This document describes Kafka execution of workflow / component revisions.
Naturally this depends strongly on the specific Kafka cluster setup. Of course, we cannot describe all possible scenarios here. Therefore we describe a docker-compose based demo setup, which should give you a good starting point for developing your individual setup.
We save a copy of the docker-compose-dev.yml
with the new name docker-compose-kafka.yml
, modify the hetida-designer-backend service and add a zookeeper and a kafka service as follows:
...
hetida-designer-backend:
...
environment:
...
- HETIDA_DESIGNER_KAFKA_ENABLED=true
...
...
...
zookeeper:
image: zookeeper:3.7
ports:
- 2181:2181
kafka:
image: wurstmeister/kafka:2.13-2.8.1
environment:
KAFKA_ZOOKEEPER_CONNECT: "zookeeper:2181"
KAFKA_CREATE_TOPICS: "hd-execution-topic:8:1,hd-execution-response-topic:8:1"
KAFKA_AUTO_CREATE_TOPICS_ENABLE: 'false'
KAFKA_BROKER_ID: -1
KAFKA_LISTENERS: LISTENER_DOCKER_INTERNAL://:19092,LISTENER_DOCKER_EXTERNAL://:9092
KAFKA_ADVERTISED_LISTENERS: LISTENER_DOCKER_INTERNAL://kafka:19092,LISTENER_DOCKER_EXTERNAL://localhost:9092
KAFKA_LISTENER_SECURITY_PROTOCOL_MAP: LISTENER_DOCKER_INTERNAL:PLAINTEXT,LISTENER_DOCKER_EXTERNAL:PLAINTEXT
KAFKA_INTER_BROKER_LISTENER_NAME: LISTENER_DOCKER_INTERNAL
KAFKA_OFFSETS_TOPIC_REPLICATION_FACTOR: 1
ports:
- "9092:9092"
depends_on:
- zookeeper
...
Now we can start this new setup via the following command (ensuring correct broker configuration, see https://stackoverflow.com/q/53571823).
docker-compose -f docker-compose-kafka.yml down --volumes && docker-compose -f docker-compose-kafka.yml up --force-recreate --build
We will demonstrate workflow execution via Kafka using one of the example workflows provided with the base component/workflow deployment.
We prepare some producer/consumers in order to send messages and watch the results.
Open a terminal and start a console producer in a shell inside the kafka service container:
docker-compose -f docker-compose-kafka.yml exec kafka /opt/kafka/bin/kafka-console-producer.sh --broker-list kafka:9092 --topic hd-execution-topic --property "parse.key=true" --property key.separator=":"

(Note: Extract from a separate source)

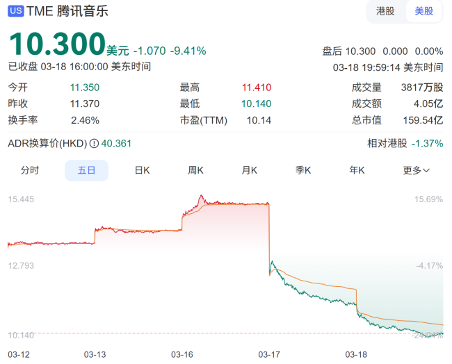 腾讯控股在3月19日披露了2025年的业绩,早盘股价一度下跌超过6%,中午收盘时跌幅为5.9%,报收518港元,成交额达191亿港元,总市值跌破5万亿港元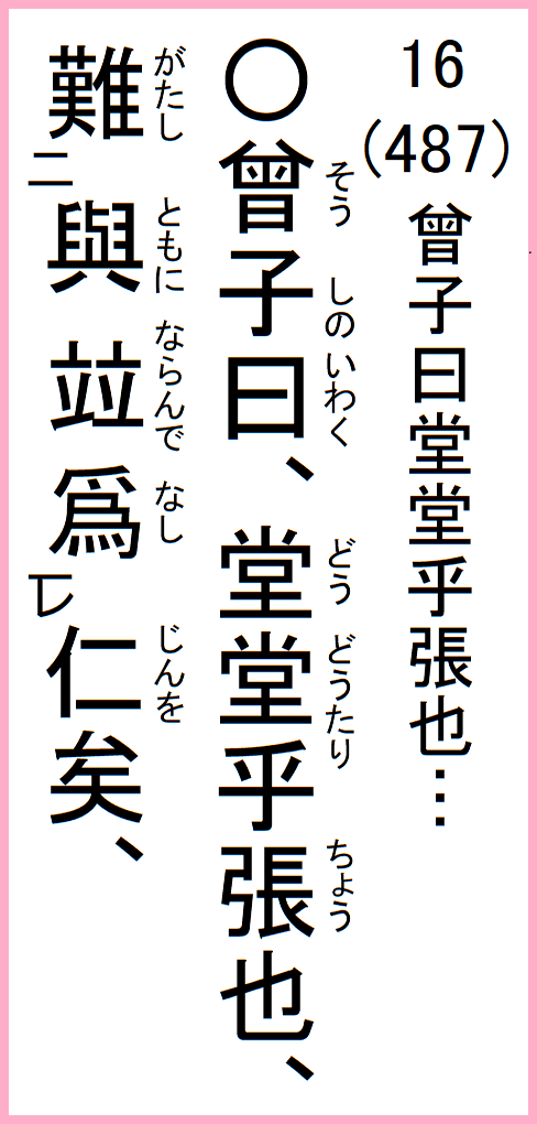 曽子の曰く、堂々たり張、与に並んで仁を為し難し、

Open a second terminal and start a console consumer in a shell inside the kafka service container:
docker-compose -f docker-compose-kafka.yml exec kafka /opt/kafka/bin/kafka-console-consumer.sh --bootstrap-server kafka:9092 --topic hd-execution-topic --property print.key=true --property key.separator=":" --from-beginning
Open a third terminal and start a console consumer for the result topic inside the kafka service container:
docker-compose -f docker-compose-kafka.yml exec kafka /opt/kafka/bin/kafka-console-consumer.sh --bootstrap-server kafka:9092 --topic hd-execution-response-topic --property print.key=true --property key.separator="-" --from-beginning
The Kafka message for running a workflow or component has the same structure as that of the transformation revision execution endpoint.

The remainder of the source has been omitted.